# Como utilizar el regulador LM317 y no morir en el intento



## Dr. Zoidberg (Mar 7, 2009)

Buenas!

Hace un tiempo subí unas notas de aplicación de National sobre el famoso LM317. Estas notas tienen todo lo que necesitan saber para utilizar este regulador y un gran numero de circuitos útiles. Pero los circuitos no son lo mas importante, sino las aclaraciones y recomendaciones de como usar el chip.

Como lo puse cerca del final de un thread sobre una fuente regulada, es probable que no lo encuentren muy facilmente aquellos que lo necesiten, así que decidí crear este nuevo thread con una referencia al lugar donde están esos documentos para que los bajen si les hacen falta.

Atención: Si en alguna nota de aplicación habla de LM117 o del LM217, estos son *EXACTAMENTE LO MISMO QUE EL LM31*7, pero en versiones militar e industrial respectivamente.
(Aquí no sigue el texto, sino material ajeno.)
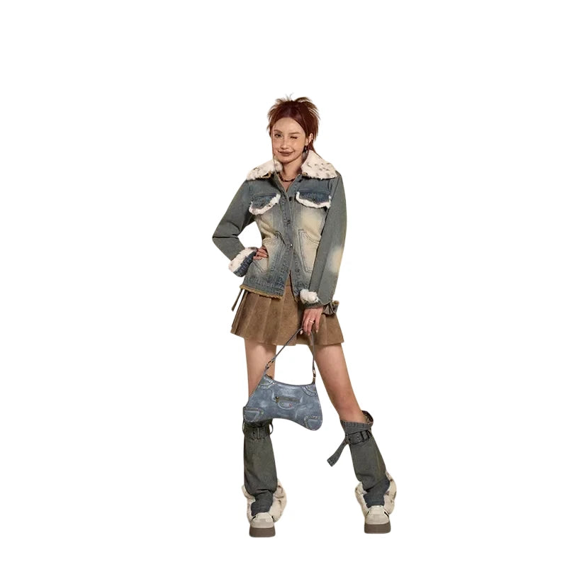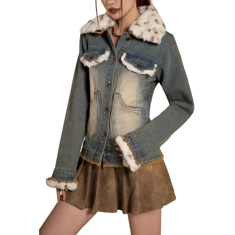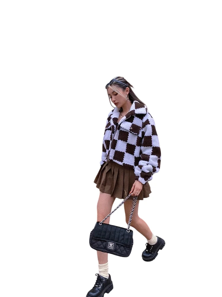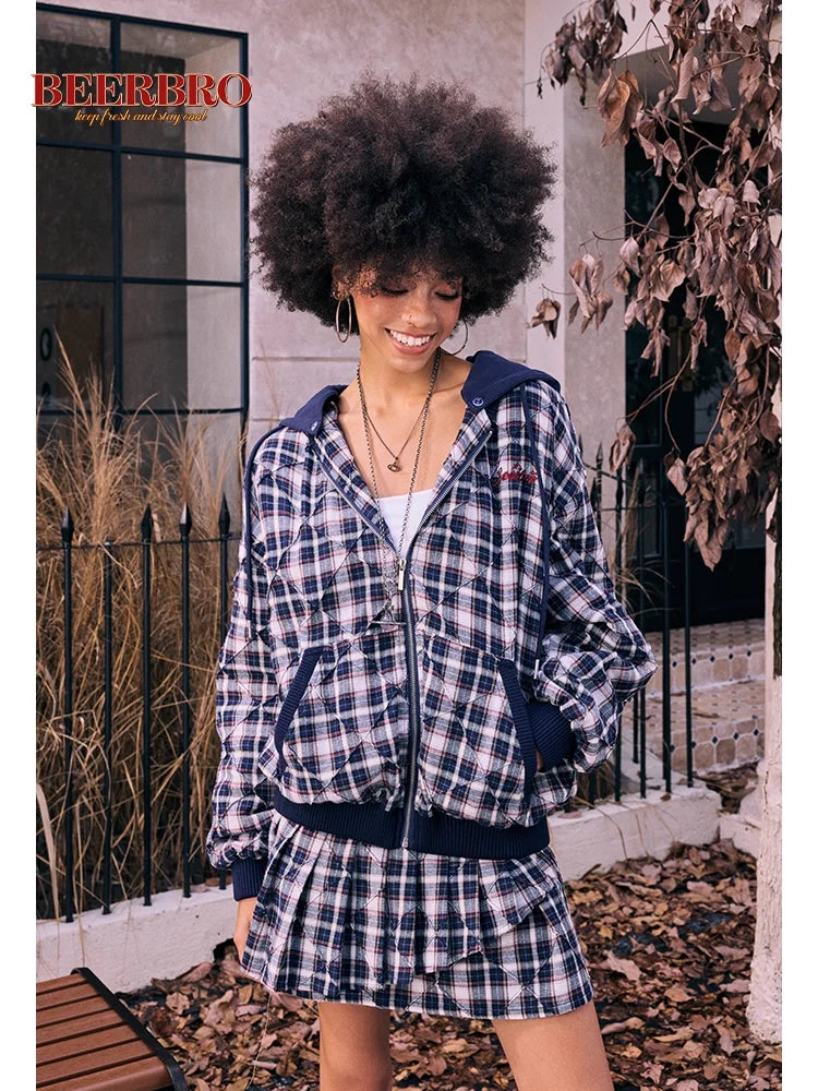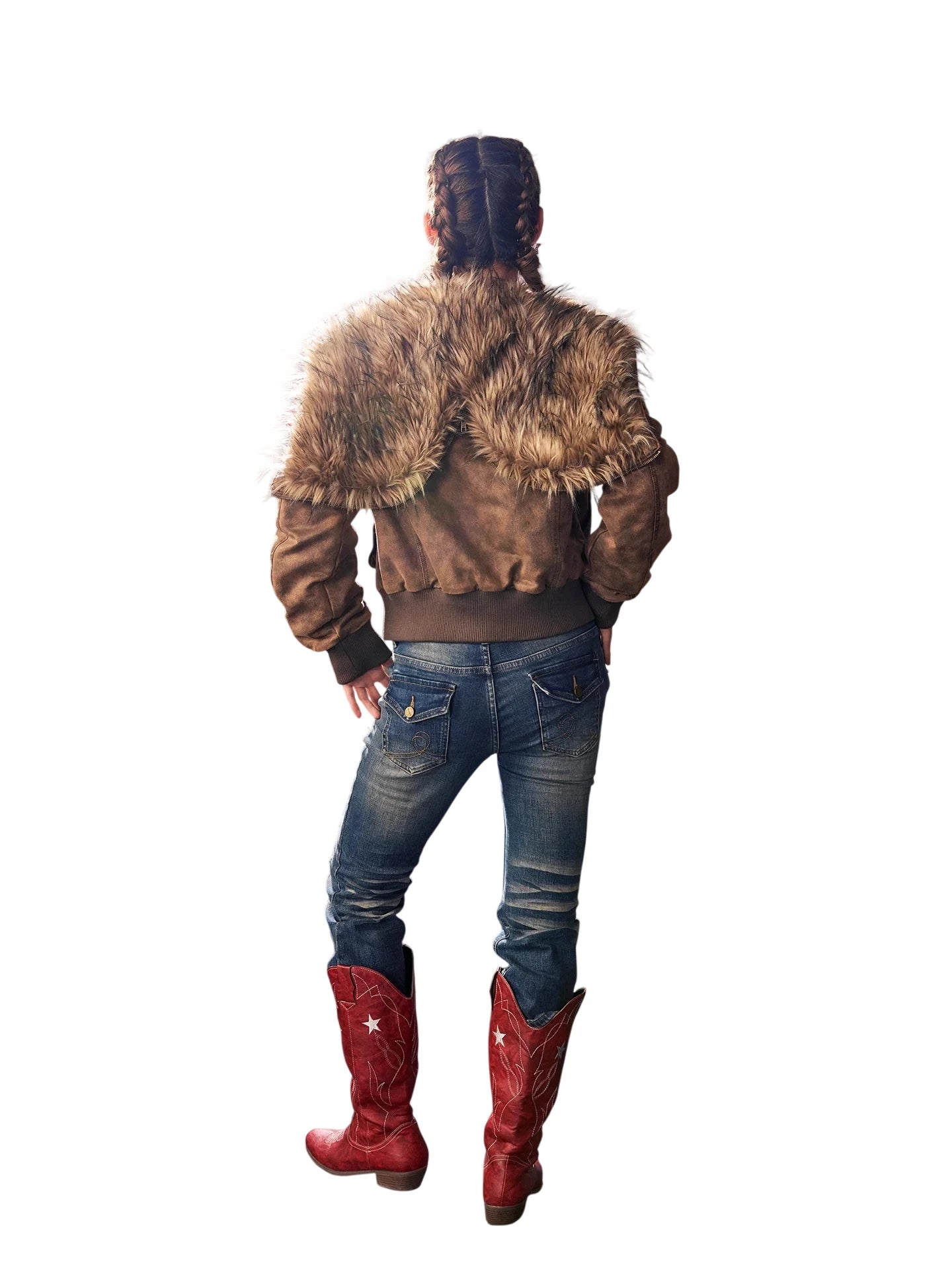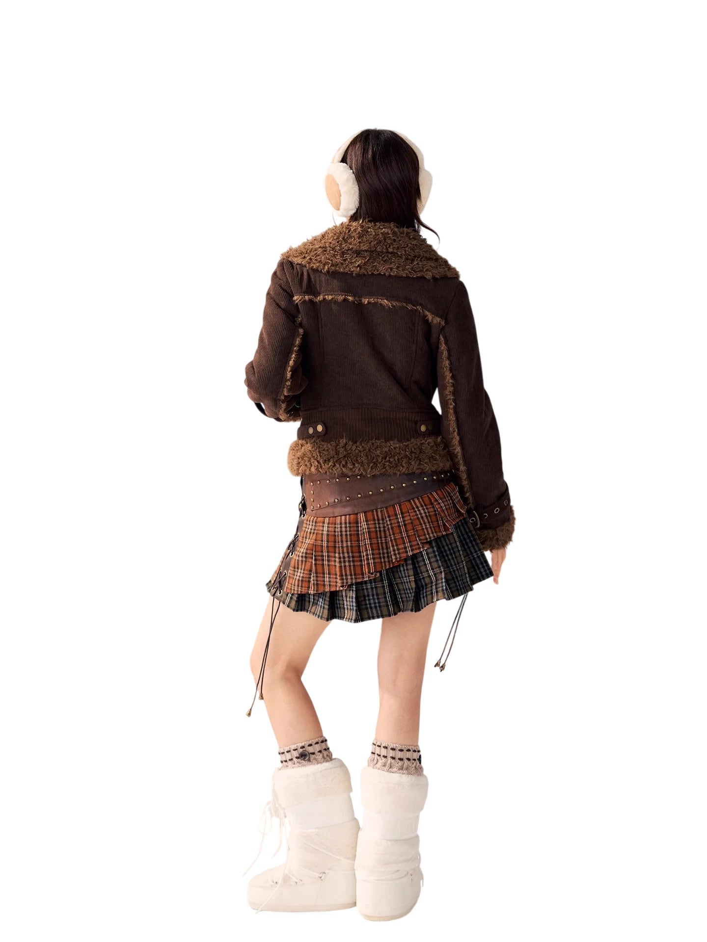 BIGGOLD STUDIO Women's Suede Stand Collar Padded Workwear Jacket

Están acá:_ https://www.forosdeelectronica.com/posts/136424/ _
Saludos!


----------



## Nilfred (May 26, 2009)

No hacía falta subirlos mientras exista la página de National, con un link basta.
AN-178 - Application Note 178 Applications for an Adjustable IC Power Regulator
AN-181 - Application Note 181 3-Terminal Regulator Is Adjustable
AN-182 - Application Note 182 Improving Power Supply Reliability with IC Power Regulators


----------



## ssyn (Mar 30, 2010)

Alguien me podria decir algo sobre la minifuente conmutada con el LM317? esta en una hoja de datos


----------